3. The method for predicting drug sensitivity based on multigroup chemical data fusion according to claim 1, wherein the cell line map feature extraction module comprises a first map neural network unit and a gated cycle unit, the first map neural network unit and the gated cycle unit are composed of a plurality of map convolution layers, and two adjacent map convolution layers are connected through the gated cycle unit, wherein the first map neural network unit is used for extracting cell line features from a cell line polygon map, and the gated cycle unit is used for performing feature attention on the extracted cell line features.

4. The method of claim 3, wherein in each convolutional layer, node features are subjected to three-step feature aggregation, comprising:

（1）

wherein,

is shown asiThe current node characteristics of the current node,

is shown asjThe node characteristics of the first one-order neighbor node,

representing the number of first order neighbor nodes,

（2）

wherein,

is shown asiNew node characteristics of current node

The new node features after attention by the node gating unit,

is shown askThe node characteristics of the second-order neighbor nodes,

indicating the number of second-order neighbor nodes,

（3）

wherein,

is shown asiNew node characteristics of current node

The new node features after attention by the node gating unit,

is shown astThe node characteristics of the third-first-order neighbor nodes,

indicating the number of third-order neighbor nodes,

new node characteristics of the current node pass through

New node features after attention by node gating unit

As the current node characteristic of the next convolution layer.

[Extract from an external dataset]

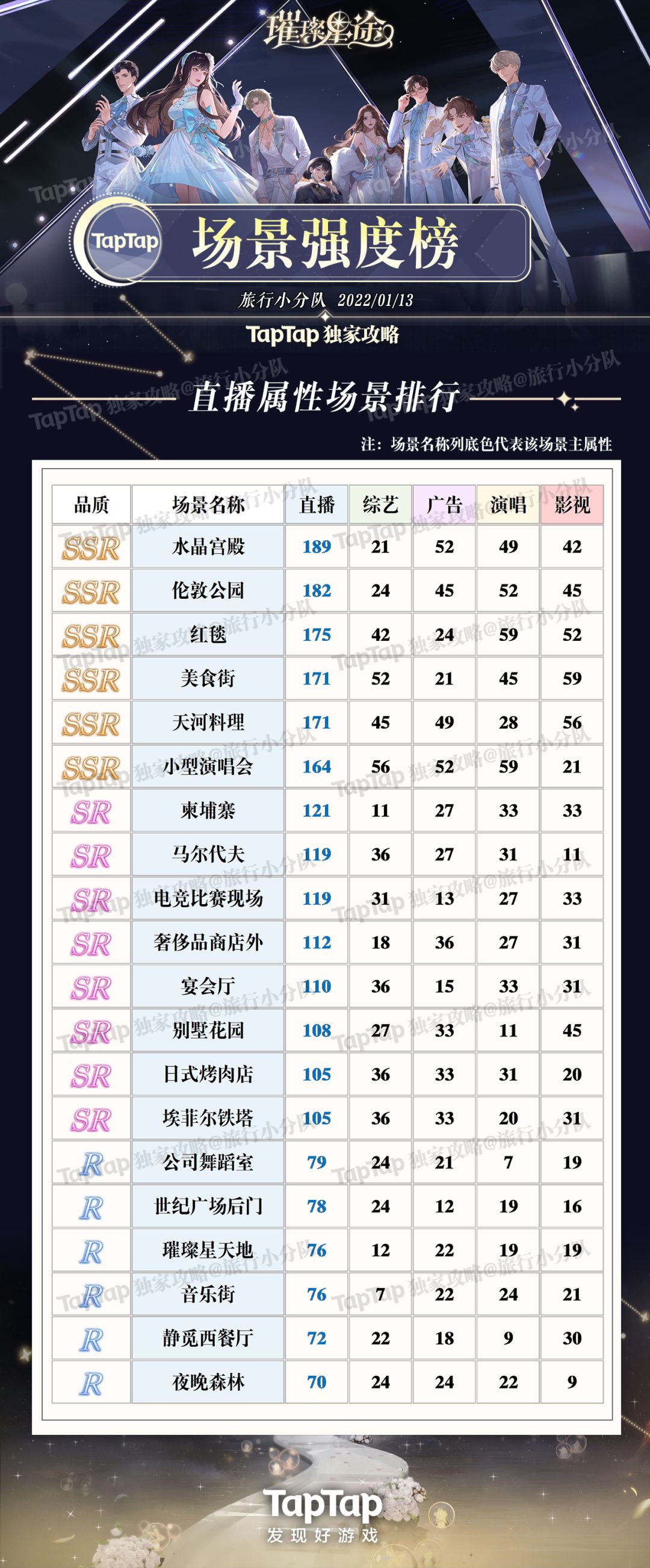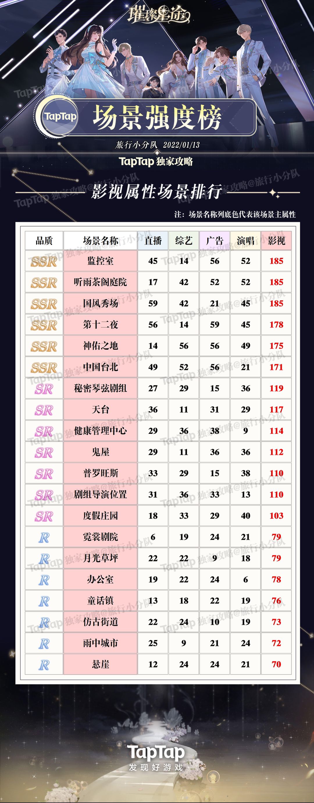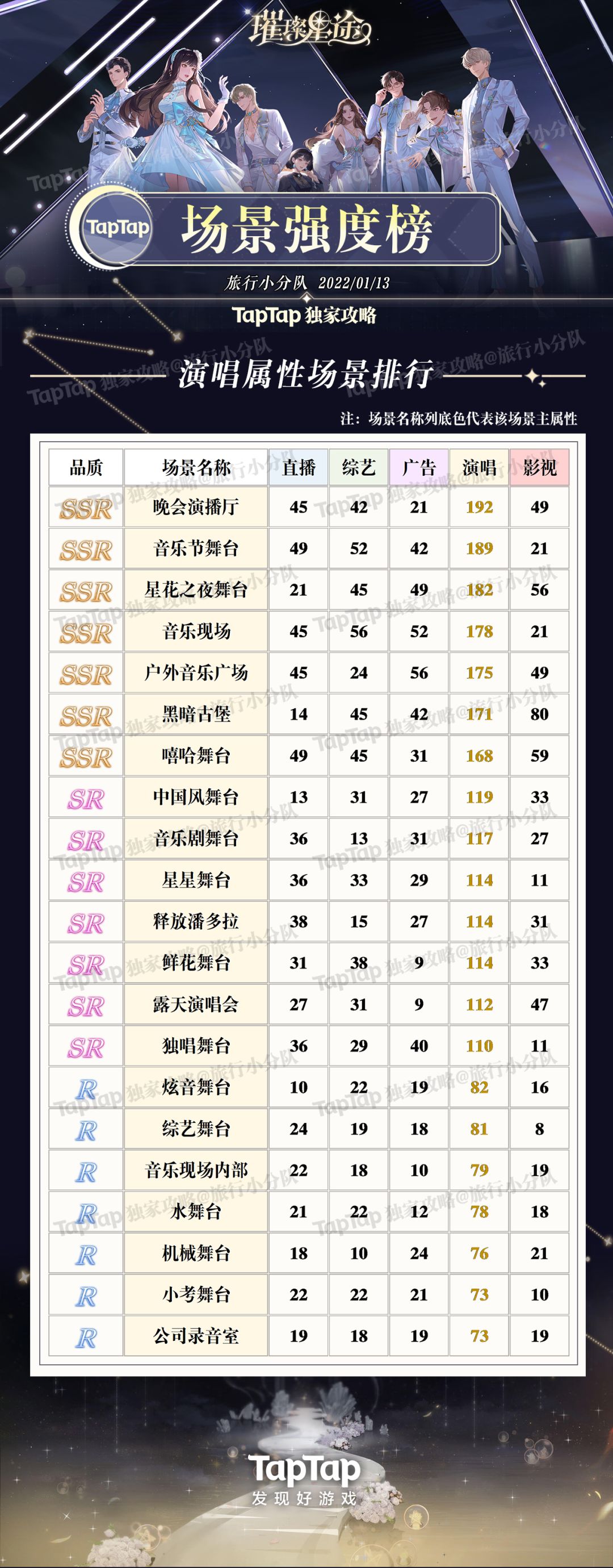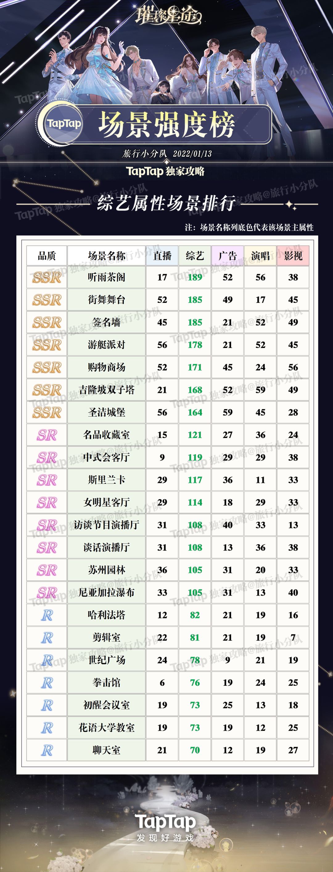 《璀璨星途》中场景一共五种属性,品质分SSR、SR、R三种,没有技能,可根据品质高低和需要的属性养,同时记得养可以升华的高品质场景。 可以先养升华较多的SR,常驻的SSR可以等抽到重复SSR能升华的时候再养。

5. The method for predicting drug sensitivity based on multigroup chemical data fusion of claim 1, wherein the drug feature extraction module comprises a conversion unit and a second graph neural network unit, wherein the conversion unit is used for converting the drug data into a drug score graph, and the second graph neural network unit is used for extracting the drug features from the input drug score graph.

6. The method for predicting drug sensitivity based on multigroup chemical data fusion of claim 5, wherein the transformation unit encodes the drug data into a drug molecular graph by using an open-source library RDkit; the second graph neural network unit is constructed based on graph isomorphism principle.

7. The method for predicting drug sensitivity based on multigroup chemical data fusion of claim 1, wherein the drug sensitivity prediction module comprises a plurality of fully-connected layers for performing feature fusion and regression prediction on the input cell line features and the splicing features of the drug features to obtain the semi-inhibitory concentration of the drug.

8. The method for predicting drug sensitivity based on multigroup chemical data fusion according to claim 1, characterized in that after multigroup chemical data of a cell line, drug data and semi-inhibitory concentration data of a drug on the cell line are obtained, outlier and missing value elimination processing is further performed on the data, and the processed data are used for constructing a training sample;

and when the parameters of the drug sensitivity prediction model are optimized, updating the model parameters of the drug sensitivity prediction model by taking the predicted value of the half inhibitory concentration and the mean square error of the corresponding truth label as a loss function.

9. A drug sensitivity prediction device based on multigroup chemical data fusion, comprising:

10. A drug sensitivity prediction device based on multigroup chemical data fusion, comprising a memory, a processor and a computer program stored in the memory and executable on the processor, wherein the processor implements the drug sensitivity prediction method based on multigroup chemical data fusion of any one of claims 1 to 8 when executing the computer program.